The biggest risk to Bitcoin is people not using Bitcoin. If nobody is using Bitcoin for daily transactions, then miners have no continued long-term incentive to keep mining. As soon a different proof of work cryptocurrency starts gaining enormous traction for actual real-world day-to-day peer-to-peer transactions on the scale of Visa and Mastercard, then miners will switch instantly.
The risk is real because BTC is currently not used in any mentionable degree for on-chain payments. Most transaction are either custodial or speculative holding. Bitcoin turned into a settlement layer for few large-value transactions and what is described as store of “value”.
But Bitcoin needs daily transactions in order to make long-term financial sense to miners. Miners invest massive compute power for mining Bitcoins, and by doing so they secure the network. For this effort, they are currently rewarded 3.125 BTC per block or 450 BTC per day. The problem is that this effort – and thus Bitcoin’s security – is massively “subsidized” by block rewards (newly minted BTC). Theoretically, miners would also be rewarded by transaction fee revenue. But transaction fees were only 3.53 BTC over the past 24 hours. In other words, <1% of miner revenue is currently funded through transactions and >99% is funded through block subsidies.

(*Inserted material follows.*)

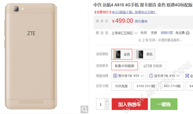中兴远航4共计推出了三大版本,电信版能支持全网通,移动/联通版可支持双4G网络,全网通版在线上基本仍需799元,相比之下,后者的价格自从上市以来就不断的下调,如今更是达到新低。 京东商城中,内部型号为中兴A610(BA610)的远航4联通版价格再度下调,由不久的599元降至499元发售,虽然是联通定制版,但是从官网参数可以发现,该版本可兼容移动联通双4G网络双卡双待,而且金色与银色两种版本都是499元。 相对于前3代远航机型,新登场不久的远航4在时尚设计、大容量电池之间找到了更好的平衡点,该机ID更时尚,2.5D弧面玻璃、金属边框/后壳加上大弧面设计,让远航4质感提升不少。此外,拥有8.2mm纤薄身材的远航4内置4000mAh大电池,辅以中兴优电4.0省电技术,也可支持OTG反向充电。 本文来自MTK手机网http://www.mtksj.com 另外,中兴远航4的核心参数有少数提升,它的运行内存升级到了2GB,搭配8GB的内部存储空间,采用MTK MT6735p四核处理器、5英寸HD屏幕和500万+800万像素摄像头,运行Android 5.1系统。 ![]()
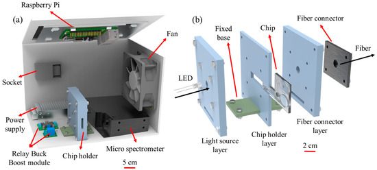As illustrated in Figure 2a, the detection system comprised a buck/boost converter module (DC-DC, 4A-XL6009E1, XLSMIL, Shanghai, China), a micro-spectrometer (SE2020-025-VNIR, SmartEngine, Hsinchu, Taiwan), a 5V power supply (RS-15-5, Meanwell Co., New Taipei City, Taiwan), a relay block (KY-019, SONGLE, Taipei, Taiwan), a Raspberry Pi touch tablet computer (Raspberry Pi 3 Model B, Raspberry Pi Foundation, Tokyo, Japan), a chip holder, and a cooling fan (Axial Fan, RS Co., Ltd., New Taipei City, Taiwan). In the detection process, the detection chamber of the chip was illuminated by a white light LED, and the reaction complex was observed by the micro-spectrometer. The resulting optical signal was passed to the Raspberry Pi via an optical fiber and processed by self-written software to determine the Na+ ion concentration.

The next halvings in 2028 and 2032 will further reduce subsidy issuance by 50% each time. This puts pressure on Bitcoin because in order for miners to continue mining, the BTC price must appreciate substantially and/or on-chain demand for transactions must rise significantly in order to offset these subsidy halvings. The only way for this to happen is either the mass-adoption of a layer 2 solution like Lightning or Ark and/or that Bitcoin captures 1-5% of the global payment markets in interbank settlements, ETFs, and nation states. This would allow fees to hit 20-50% and thereby offset the 2032 subsidy halving. The only alternative – as long transactions and thereby transaction fees stagnate – is that BTC is crossing >$1M by 2032.
Leaving speculation aside, either way, by 2140 Bitcoin’s security MUST come from transaction fees alone. If transaction volume stays low then long before 2140 the fee revenue will be inadequate to maintain hash power to secure the network against 51% attacks.

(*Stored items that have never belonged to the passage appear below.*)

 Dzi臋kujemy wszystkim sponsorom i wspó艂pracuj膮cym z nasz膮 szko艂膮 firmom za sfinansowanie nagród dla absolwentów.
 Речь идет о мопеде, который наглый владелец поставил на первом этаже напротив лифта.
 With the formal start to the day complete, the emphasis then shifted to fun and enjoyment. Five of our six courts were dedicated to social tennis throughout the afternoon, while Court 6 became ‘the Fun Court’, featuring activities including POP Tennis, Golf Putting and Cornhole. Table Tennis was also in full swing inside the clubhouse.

Bitcoin miners use ASICs, which are specialized chips for computing SHA-256 hashes. Miners already practice “hash rate migration” which means they point their ASICs at whatever SHA-256 blockchain is most profitable to mine at any given moment. This is the rare exception but – in other words – if any other SHA-256 coin genuinely became more valuable (for example by actually being used as a global on-chain P2P cash system) and thereby more profitable to mine than Bitcoin, that hardware will absolutely migrate to whatever that coin will be.
My Conclusio: Technically, BTC is too limited to be functional as a P2P cash system, and thus Bitcoin in its current form can not capture the global P2P transaction market. Ergo: the most important use case for cryptocurrencies – that of a global mass-adopted day-to-day P2P cash system – is not yet claimed by any cryptocurrency in the market.